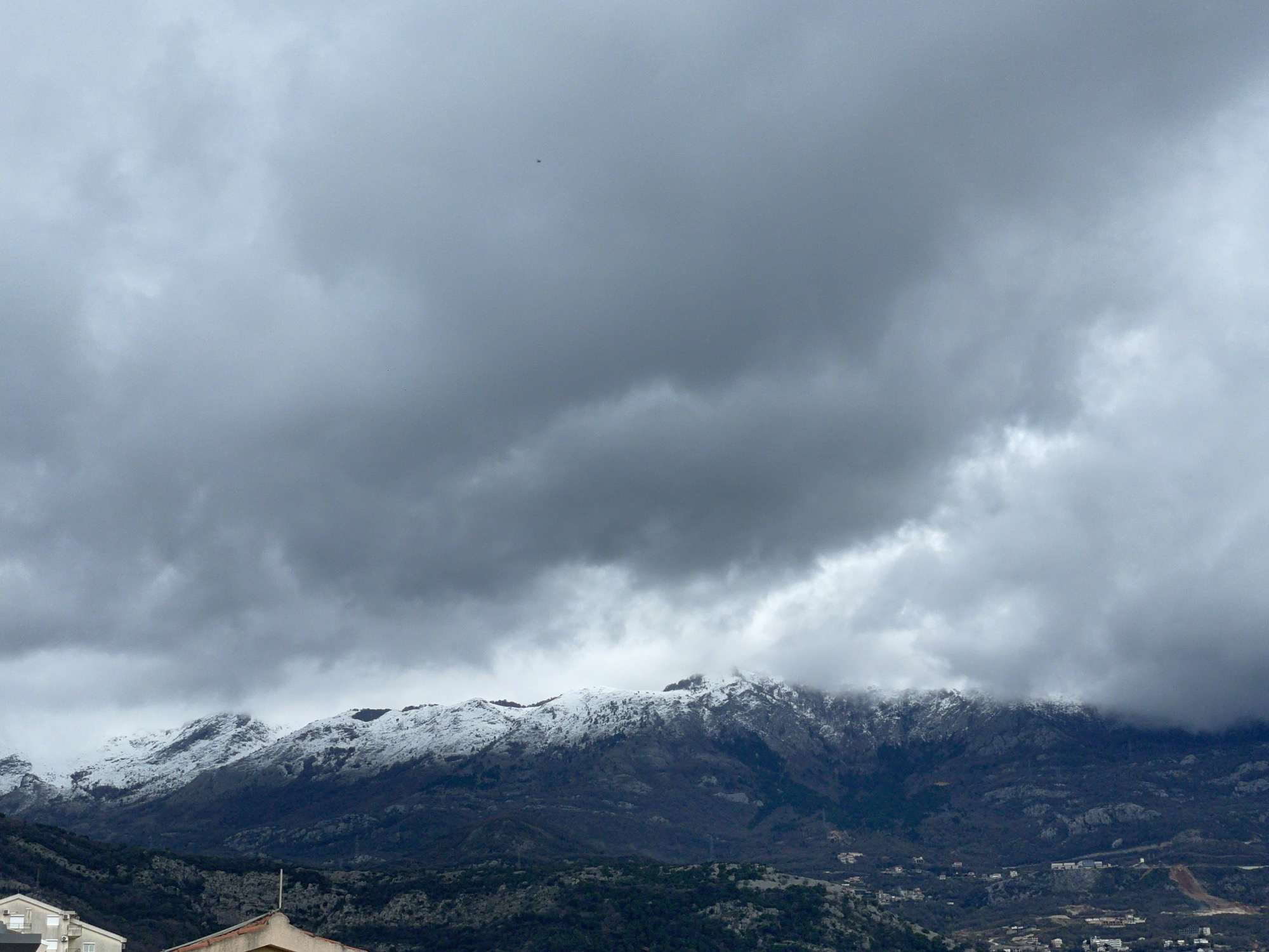 The image depicts a panoramic view of a mountainous landscape under a heavily overcast, dark grey sky. A faint, dark, unidentifiable object is present in the upper-central cloud layer. The middle ground is occupied by a mountain range, whose upper elevations are covered in white snow. The lower mountain slopes appear dark, rocky, and covered with sparse, dark vegetation. Low-hanging clouds obscure several mountain peaks, particularly towards the right side of the frame. The immediate foreground reveals partial architectural structures: a light-colored multi-story building section with windows on the left, and the orange-tiled roof of another building with a central antenna pole. Below the mountains and extending into the mid-distance, scattered residential and commercial structures are integrated into the terrain, indicating urban or suburban development. The scene is located in Budva, Montenegro, facing inland towards the snow-covered Dinaric Alps. No human subjects or discernible actions are visible within the frame.
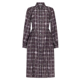 Look chic in this classic shirt style dress with a button down fastening of grey shell made in Spain buttons, collar and long gathered sleeves with gentle cuffs. An easy wearing silhouette covered in the graphic floral design created by our in-house print team at our design studio in London. The luxurious soft silk blend fabric is printed in Italy and the dress is made in the UK. It sits at a mid-length and with the fabric gathering around the waistband, it encapsulates a perfect shape.
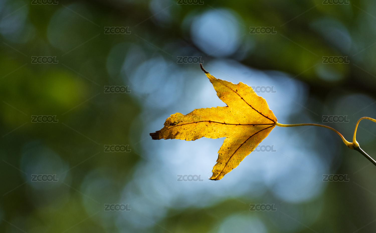 深秋逆光照耀下晶莹剔透的金黄色枫叶
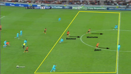 Мяч перехватывается игроками Шахтера и доставляется на Виллиана в искусственно созданное игровое пространство. Практически все игроки Норшелланда выключаются из игры из-за быстрого перехода от обороны к атаке. Формально сейчас игроки Шахтера получают численное преимущество 3 против 2. Также очень важно то, что Виллиан, Мхитарян и Девич получают необходимую территорию, которая была создана искусственно. Через пару секунд счет на табло стал 2:0.
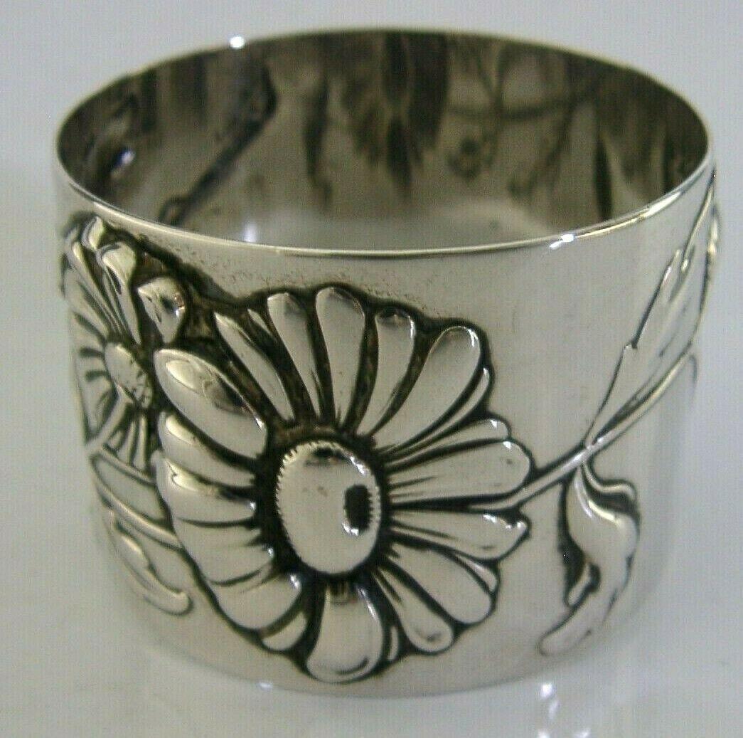 Stunning Norwegian Danish 830s Solid Silver Flower Napkin Ring Art Nouveau

# REQUIREMENT:
Give back all the records as they stand, but with no pictures in the copy.

# ANSWER TO THE EXERCISE:
 The image depicts a panoramic view of a mountainous landscape under a heavily overcast, dark grey sky. A faint, dark, unidentifiable object is present in the upper-central cloud layer. The middle ground is occupied by a mountain range, whose upper elevations are covered in white snow. The lower mountain slopes appear dark, rocky, and covered with sparse, dark vegetation. Low-hanging clouds obscure several mountain peaks, particularly towards the right side of the frame. The immediate foreground reveals partial architectural structures: a light-colored multi-story building section with windows on the left, and the orange-tiled roof of another building with a central antenna pole. Below the mountains and extending into the mid-distance, scattered residential and commercial structures are integrated into the terrain, indicating urban or suburban development. The scene is located in Budva, Montenegro, facing inland towards the snow-covered Dinaric Alps. No human subjects or discernible actions are visible within the frame.
 Look chic in this classic shirt style dress with a button down fastening of grey shell made in Spain buttons, collar and long gathered sleeves with gentle cuffs. An easy wearing silhouette covered in the graphic floral design created by our in-house print team at our design studio in London. The luxurious soft silk blend fabric is printed in Italy and the dress is made in the UK. It sits at a mid-length and with the fabric gathering around the waistband, it encapsulates a perfect shape.
 深秋逆光照耀下晶莹剔透的金黄色枫叶
 Мяч перехватывается игроками Шахтера и доставляется на Виллиана в искусственно созданное игровое пространство. Практически все игроки Норшелланда выключаются из игры из-за быстрого перехода от обороны к атаке. Формально сейчас игроки Шахтера получают численное преимущество 3 против 2. Также очень важно то, что Виллиан, Мхитарян и Девич получают необходимую территорию, которая была создана искусственно. Через пару секунд счет на табло стал 2:0.
 Stunning Norwegian Danish 830s Solid Silver Flower Napkin Ring Art Nouveau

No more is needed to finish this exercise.